The Progressive

NewsWire

A project of Common Dreams

For Immediate Release
Contact:

Stephen Greene
sgreene [at] phrusa [dot] org
+1-617-909-9160

Richard Sollom
rsollom [at] phrusa [dot] org
+1-617-501-8510

Persecuted in Two Countries, Burmese Refugees Face Starvation in Bangladesh Camps

CAMBRIDGE, MA

Stateless refugees from Burma face death from starvation and disease
in makeshift camps because the government of Bangladesh denies them
access to humanitarian aid, warns a team of health researchers from
Physicians for Human Rights who just returned from the region.

In a survey of 100 households at one camp conducted Feb. 11-13, they
documented that more than 18% of children below age 5 suffered from
acute malnutrition. Child malnutrition rates above 15% indicate a
"critical" situation, according to the World Health Organization. More
than half the children had had diarrhea in the past 30 days - a
reflection of the camp's unsanitary conditions. Many refugees reported
that they had not eaten for two days.

In a 25-page report released today, PHR calls on the government of
Bangladesh to immediately stop arresting refugees and forcing them back
across the border. It also sounds an alarm about an ominous campaign of
ethnic incitement conducted by Bangladeshi authorities. The report
calls for a comprehensive regional response to the Bangladesh
government's failure to protect and care for the refugees, as well as
to the human rights violations in Burma that have caused some 300,000
Muslim minority Rohingya to flee that country.
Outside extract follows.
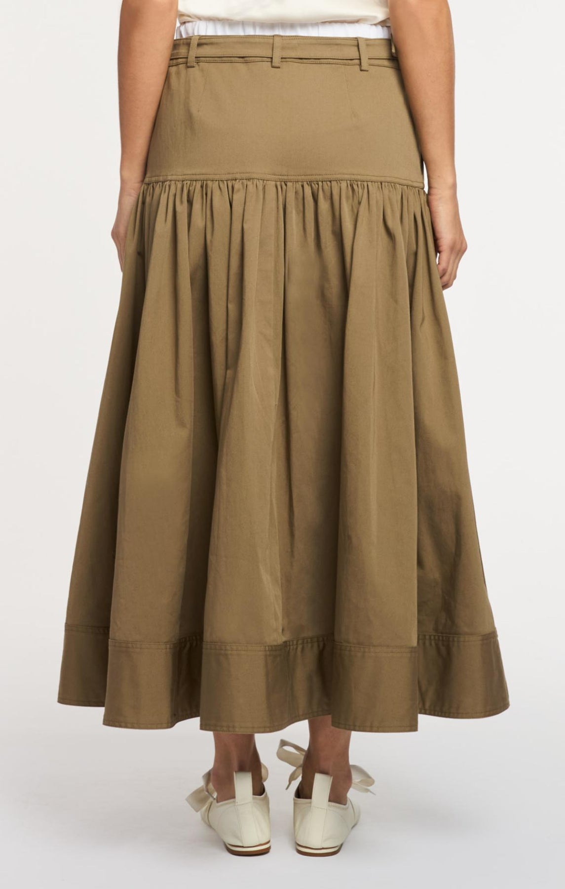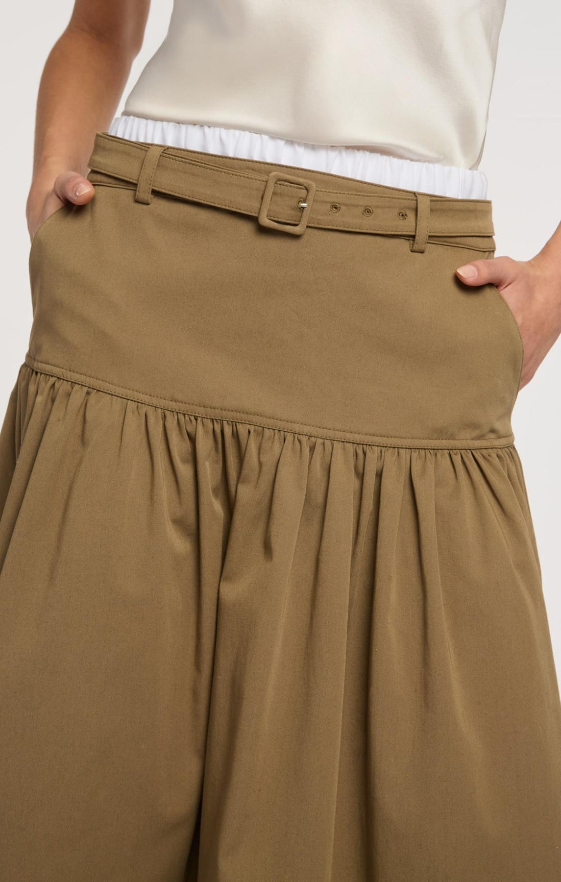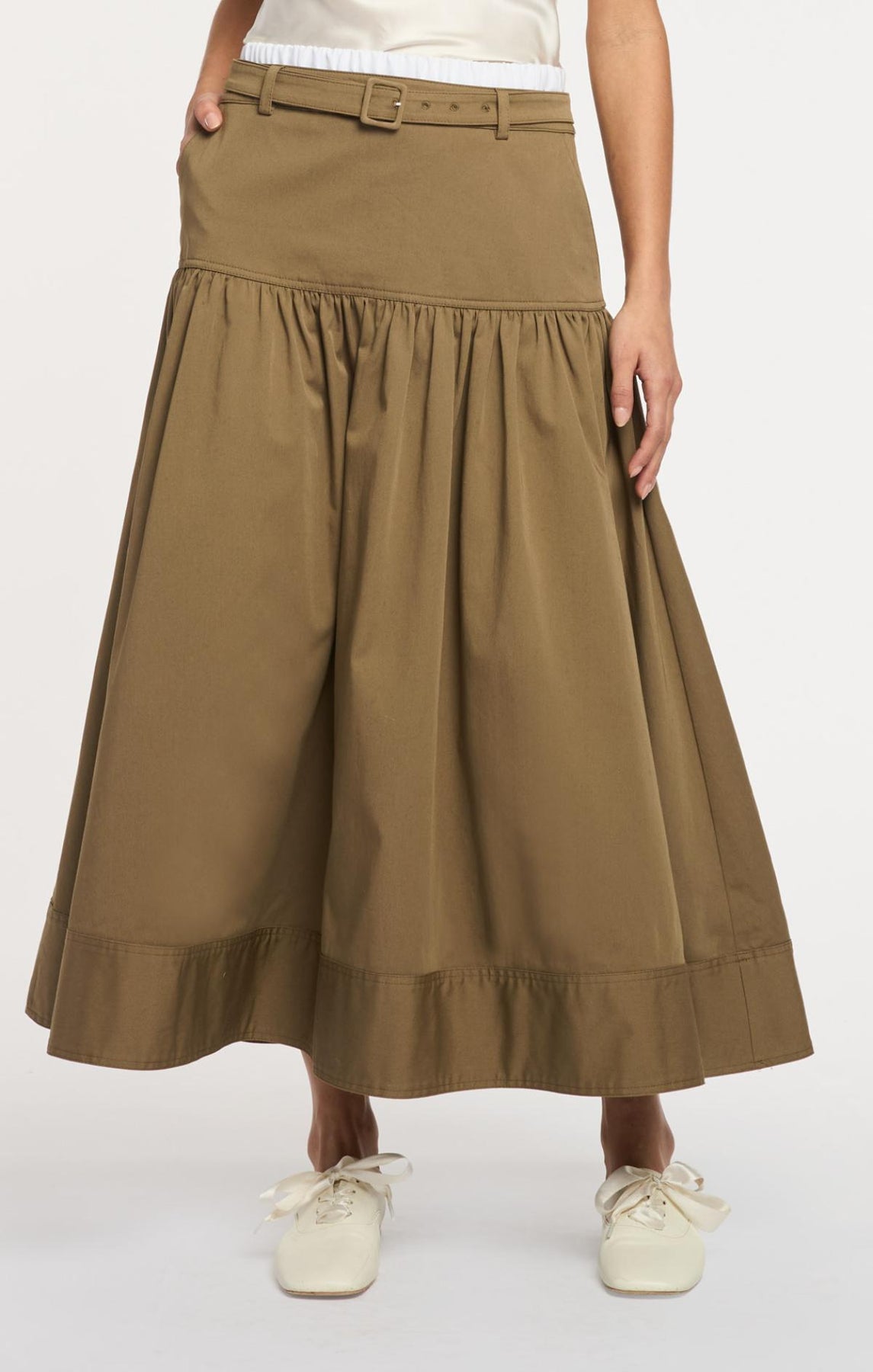 The Peri Skirt delivers effortless style with its A-line silhouette and thoughtfully designed details. A scrunched waistline in a striking contrast color provides flattering definition, while a matching belt anchors the look. The thick hem adds a touch of glamour and movement, making this midi skirt a versatile essential for any wardrobe.

"It is unconscionable to leave this vulnerable population stateless
and starving," says Richard Sollom, PHR's Director of Research and
Investigations. "Immediate steps are needed to prevent further
malnutrition, disease, and death."

In February, the PHR team conducted an emergency health assessment
in the makeshift Kutupalong camp in southeastern Bangladesh, just
across the border from Burma. Sollom and his colleague, emergency
physician Parveen Parmar from Harvard University, described camp
conditions as among the worst they had ever seen, with people housed in
ramshackle huts made of twigs and plastic sheeting, denied food aid,
and living beside open sewers.

Hundreds of thousands of Rohingya -- a Muslim ethnic minority -- have
crossed into Bangladesh since 1991 to escape persecution in Burma,
where they have been subjected to systematic and widespread human
rights violations, including summary executions, torture,
state-sanctioned rape, arbitrary arrest, and forced labor.

The Bangladeshi government has only registered 28,000 Rohingya, who
receive protection, humanitarian assistance, and food rations from UN
agencies and international NGOs. But since 1993, the government has
denied 200,000 subsequent Rohingya arrivals official refugee status,
making them ineligible for UN aid and protection.
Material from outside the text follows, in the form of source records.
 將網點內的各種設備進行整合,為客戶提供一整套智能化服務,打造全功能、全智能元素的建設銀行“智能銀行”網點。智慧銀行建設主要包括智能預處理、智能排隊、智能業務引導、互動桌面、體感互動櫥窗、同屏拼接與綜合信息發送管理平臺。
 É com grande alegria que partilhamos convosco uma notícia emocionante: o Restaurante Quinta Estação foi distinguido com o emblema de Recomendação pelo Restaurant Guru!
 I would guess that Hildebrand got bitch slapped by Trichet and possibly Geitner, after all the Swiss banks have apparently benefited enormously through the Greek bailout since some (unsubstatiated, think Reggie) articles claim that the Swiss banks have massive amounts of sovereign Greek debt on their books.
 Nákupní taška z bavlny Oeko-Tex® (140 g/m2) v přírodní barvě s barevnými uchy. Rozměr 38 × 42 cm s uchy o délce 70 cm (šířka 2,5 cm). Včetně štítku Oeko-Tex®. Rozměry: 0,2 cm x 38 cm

In recent months, the government of Bangladesh has stepped up its
own persecution of the Rohingya, possibly in an effort to discourage an
influx of new arrivals in the run-up to elections in Burma later this
year. The PHR team interviewed 25 refugees, some of whom were among the
hundreds who have been rounded up, beaten, and forcibly expelled from
the country over the past several months.

The PHR emergency report on the humanitarian crisis, Starving and Stateless,
calls on the government of Bangladesh immediately to cease the
arbitrary arrest and forced expulsion of legitimate refugees from the
country; to allow humanitarian agencies unfettered access to provide
relief to vulnerable refugee populations; and to condemn and prevent
the campaign of ethnic hatred against Rohingya refugees.
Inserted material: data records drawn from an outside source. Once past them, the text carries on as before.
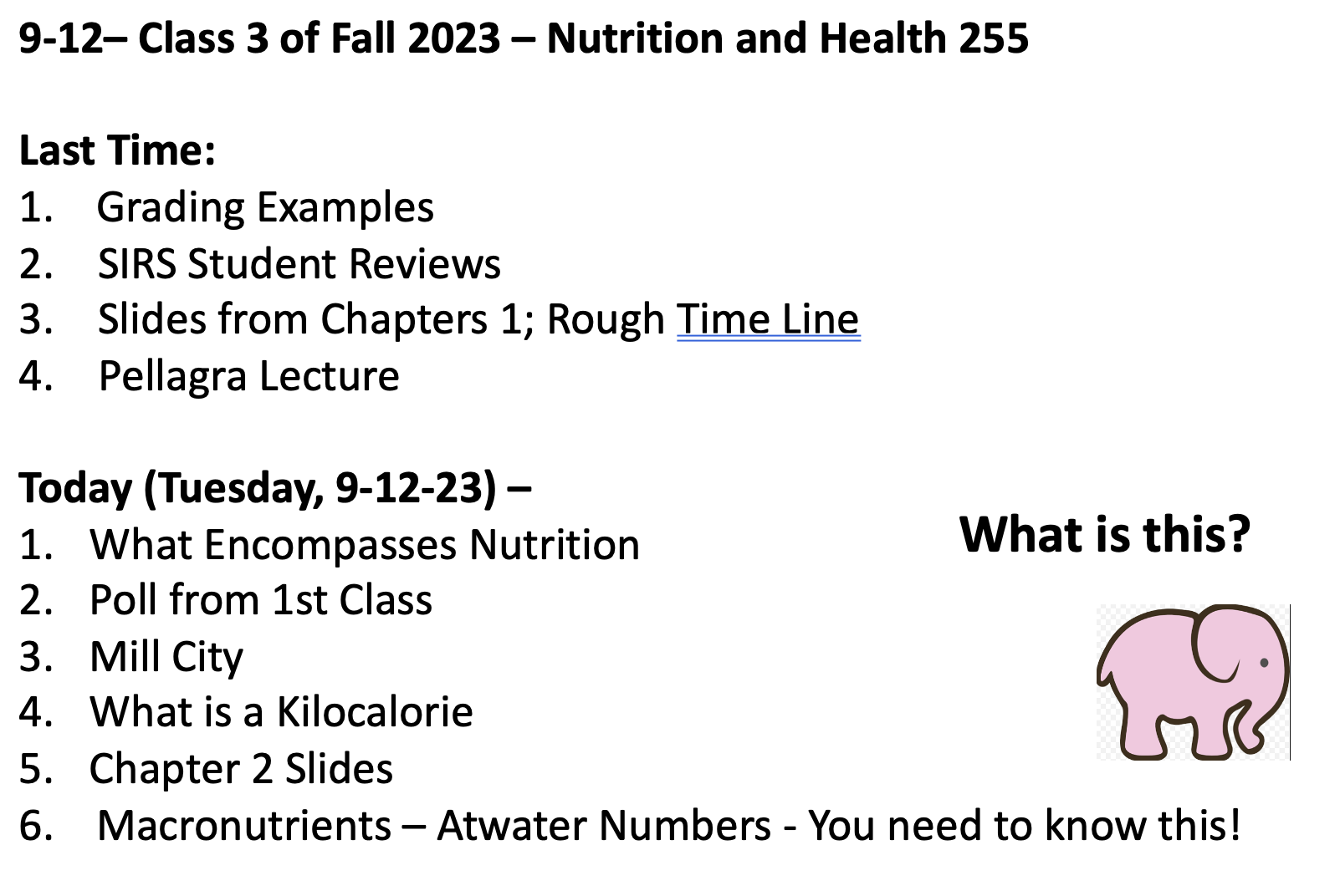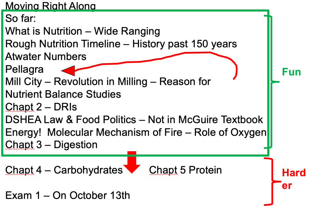 Class 5 – Nutrition and Health – Fall 2023 – Sept 19th – ONLINE – McGuire 3rd-4th Edition – Start Chapter 3 part 1 – Energy – where does it come from?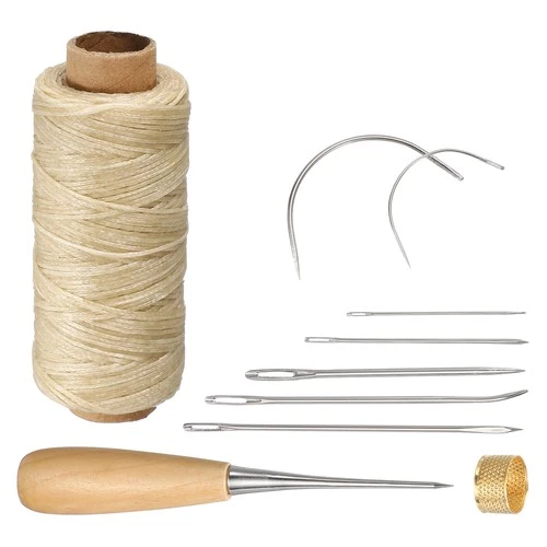 110 Yards 0.8mm 150D Leather Sewing Waxed Thread Cord Kit, Khaki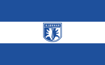The flags of Bjørnar Håndball from Indre Arna in Bergen Municipality are blue or blue and white tribar with the badge centered.

The PHR report also calls on the Burmese government to stop its
widespread human rights violations against ethnic minorities, including
the Rohingya. The report further urges the UN refugee agency to assert
its mandate to protect and assist the unregistered Rohingya as a
population of concern; to press the government of Bangladesh to allow
humanitarian aid to flow unhindered to the Rohingya; and to launch a
coordinated appeal to donor nations for humanitarian relief and
protection for this neglected population.

"Thousands of Rohingya who fled intolerable persecution in Burma now
face equally bleak conditions in Bangladesh, because the government
there has refused to recognize their status as refugees," says Sollom.
"What will it take to get them the aid they need to survive?"

PHR was founded in 1986 on the idea that health professionals, with their specialized skills, ethical duties, and credible voices, are uniquely positioned to investigate the health consequences of human rights violations and work to stop them. PHR mobilizes health professionals to advance health, dignity, and justice and promotes the right to health for all.